Kidney Injury in Burns
Renal failure in burns has a multifactorial aetiology often linked to hypovolemia, medications, cardiac dysfunction, and sepsis. It is exacerbated by haemochromogens in the urine.
Acute Kidney Injury
Renal failure in burns has a multifactorial aetiology that is often related to hypovolemia, medications, cardiac dysfunction, and sepsis. It can be treated by:
- Fluid resuscitation
- Monitoring urine output: normal is 0.5β1.0 ml/ kg/hr in adults, 1.0β1.5 ml/kg/hr in children. This should be increased in AKIs or myoglobinuria.
- Mannitol: renoprotective osmotic diuretic.
Hemoglobinuria
Myoglobin and haemoglobin are haemochromogens that colour the urine a dirty red. They are released by tissue injury, especially muscle, and deposition in the proximal tubules of the kidney. This can lead to acute renal failure.
This is treated in a similar method to acute kidney injury as discussed above.

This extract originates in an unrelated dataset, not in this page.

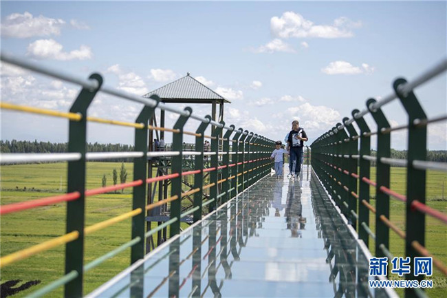 8月18日,游客在新疆察布查爾錫伯自治縣納達(dá)齊牛錄鄉(xiāng)稻田畫(huà)基地的玻璃棧道上賞景。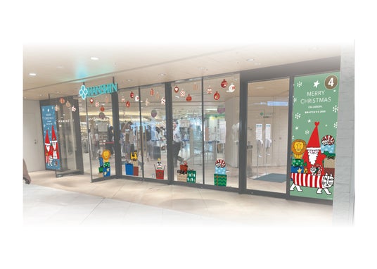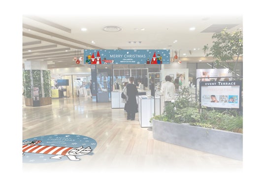 全館デコレーションやウィンドウディスプレイに加え、地下道のイルミネーションでもリサが描いたサンタや仲間たちがクリスマスを盛り上げます。

- Increase urine output to 2mL/kg/hr.
- Consider mannitol.
- Consider performing a fasciotomy (as opposed to an escharotomy which doesnβt release deep muscle fascia).
Oliguria
Oliguria is low urine output. It is closely linked to inadequate fluid resuscitation. Its management is to increase the rate of infusion, monitor urine output, and titrate accordingly. Diuretics are not routinely recommended for isolating oliguria.

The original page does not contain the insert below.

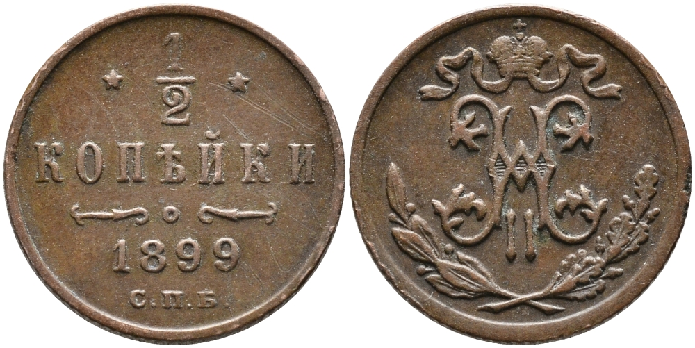 РОССИЯ 1/2 КОПЕЙКИ 1899 СПБ, НИКОЛАЙ II (1894-1917), Биткин 307, ЗАВОД РОЗЕНКРАНЦА В САНКТ-ПЕТЕРБУРГЕ KM 48.1 медь 155-141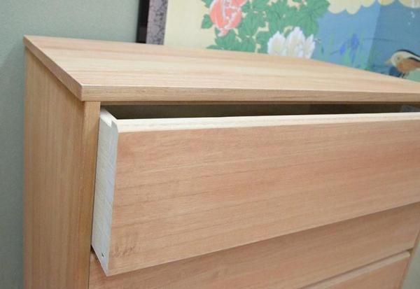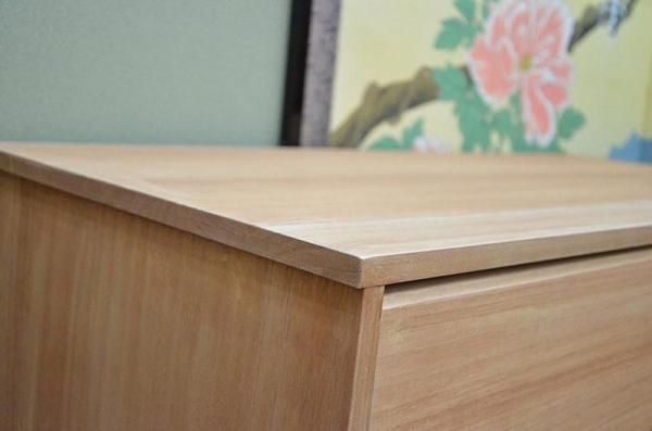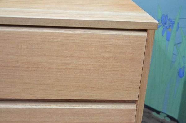 | 材質 | 本体・・・・・ 天板桐天然木無垢板天板15mm、側板15mm 引出し・・・ 前板桐天然木無垢板18mm |

Patients at high risk of requiring more fluids are (Maybauer et al, 2009):
- Children
- Delayed resuscitation
- Inhalation or electrical injury
Electrolyte Imbalance in Burns
Sodium, potassium and glucose are the commonly affected electrolytes in burn patients. Their imbalances change over time as the burn evolves.
A burn patient is the victim of major fluid and electrolyte shifts.
The two common electrolyte disturbances are sodium and potassium. Other affected electrolytes include calcium, magnesium, and phosphate. This is illustrated in the diagram below.

Sodium
- Initially low as sodium exits the extracellular space due to increased vessel permeability. Paediatrics are at increased risk of dilutional hyponatremia.
- After resuscitation, it can be high due to fluids (contains sodium) and sodium returning to the extracellular space. This is compounded by an acute kidney injury, resolution of oedema (concentrates the sodium), and a free water deficit.
Potassium
- Initially high due to potassium leaks from cell lysis and tissue necrosis.
- Common in electrical burns.
- Bicarbonate and glucose plus insulin may be required to correct this problem.
Glucose
- Children are prone to hypoglycemia due to limited glycogen stores.
- Blood glucose and electrolyte levels should be measured regularly.
- Early enteral feeding or addition of dextrose to the electrolyte solution.
Conclusion
1. Pathophysiology of Burns: You've learned how burns result in multi-organ effects, involving the release of inflammatory mediators and neural stimulation.
2. Burn Complications: You now understand the complex complications associated with burns, including hypovolemic shock, hypermetabolic response, and specific organ system impacts.
3. Burn Severity and Zones: You've gained knowledge on Jackson's Burn Wound Model which describes the three zones of damage in a burn area.
4. Nutritional Needs in Burn Patients: You are familiar with the crucial role of nutrition in managing burn patients, addressing the hypermetabolic state, and preventing complications.
5. Electrolyte Management: You've explored the management of common electrolyte imbalances in burn patients, understanding how shifts in sodium, potassium, and glucose can impact patient recovery.